§ **WHAT YOU SHOULD DO**
Give again, exactly as written, each line of the material below starting at the line that contains "Panorama of the Battle of Waterloo (1915)." and ending at the line that contains "Danish bank manager". Both ends count, and no other line does.

§ **EXERCISE MATERIALS**
=== Begin Enclosure ===
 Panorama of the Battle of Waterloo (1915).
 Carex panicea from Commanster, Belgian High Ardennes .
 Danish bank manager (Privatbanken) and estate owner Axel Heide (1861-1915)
=== End Enclosure ===
=== Begin Enclosure ===
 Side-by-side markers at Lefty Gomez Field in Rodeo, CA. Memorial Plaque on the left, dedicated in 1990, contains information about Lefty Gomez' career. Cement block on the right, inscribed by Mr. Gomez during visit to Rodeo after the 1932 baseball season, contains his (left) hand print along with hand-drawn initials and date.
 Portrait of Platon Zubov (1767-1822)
=== End Enclosure ===
§ **RESPONSE BOX**
 Panorama of the Battle of Waterloo (1915).
 Carex panicea from Commanster, Belgian High Ardennes .
 Danish bank manager (Privatbanken) and estate owner Axel Heide (1861-1915)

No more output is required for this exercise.